10. Controversy of the Measure of Force.—In the History of Mechanics[36], we have given an account of the controversy which, for some time, occupied the mathematicians of Europe, whether the forces of bodies in motion should be reckoned proportional to the velocity, or to the square of the velocity. We need not here recall the events of this dispute; but we may remark, that its history, as a metaphysical controversy, is remarkable in this respect, that it has been finally and completely settled; for it is now agreed among mathematicians that both sides were right, and that the results of mechanical action may be expressed with equal correctness by means of momentum and of vis viva. It is, in one sense, as D’Alembert has said[37], a dispute about words; but we are not to infer that, on that account, it was frivolous or useless; for such disputes are one principal means of reducing the principles of our [261] knowledge to their utmost simplicity and clearness. The terms which are employed in the science of mechanics are now liberated for ever, in the minds of mathematicians, from that ambiguity which was the battleground in the war of the vis viva.

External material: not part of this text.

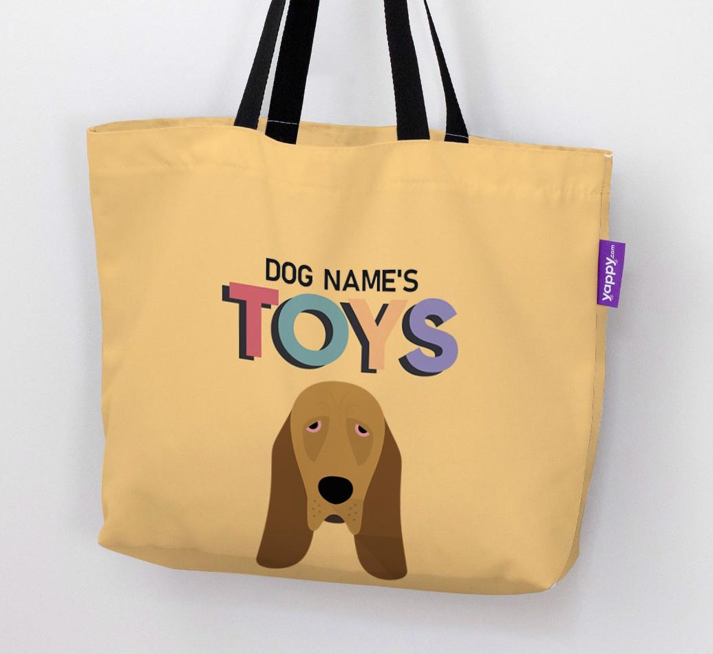 Don’t worry, we’ve got you covered with this pawsonalized canvas bag made for your Bloodhound’s toy collection!

[36] B. vi. c. v. sect. 2.
[37] D’Alembert has also remarked (Dynamique, Pref. xxi.) that this controversy ‘shows how little justice and precision there is in the pretended axiom that causes are proportional to their effects.’ But this reflection is by no means well founded. For since both measures are true, it appears that causes may be justly measured by their effects, even when very different kinds of effects are taken. That the axiom does not point out one precise measure, till illustrated by experience or by other considerations, we grant: but the same thing occurs in the application of other axioms also.
But we may observe that the real reason of this controversy was exactly that tendency which we have been noticing;—the disposition of man to assume in his speculations certain general propositions as true, and to fix the sense of terms so that they shall fall in with this truth. It was agreed, on all hands, that in the mutual action of bodies the same quantity of force is always preserved; and the question was, by which of the two measures this rule could best be verified. We see, therefore, that the dispute was not concerning a definition merely, but concerning a definition combined with a general proposition. Such a question may be readily conceived to have been by no means unimportant; and we may remark, in passing, that such controversies, although they are commonly afterwards stigmatized as quarrels about words and definitions, are, in reality, events of considerable consequence in the history of science; since they dissipate all ambiguity and vagueness in the use of terms, and bring into view the conditions under which the fundamental principles of our knowledge can be most clearly and simply presented.
It is worth our while to pause for a moment on the prospect that we have thus obtained, of the advance of knowledge, as exemplified in the history of Mechanics. The general transformation of our views from vague to definite, from complex to simple, from unexpected discoveries to self-evident truths, from seeming contradictions to identical propositions, is very remarkable, but it is by no means peculiar to our subject. The same circumstances, more or less prominent, more or less developed, appear in the history of other sciences, according to the point of advance which each has reached. They bear upon very important doctrines respecting the prospects, the [262] limits, and the very nature of our knowledge. And though these doctrines require to be considered with reference to the whole body of science, yet the peculiar manner in which they are illustrated by the survey of the history of Mechanics, on which we have just been engaged, appears to make this a convenient place for introducing them to the reader.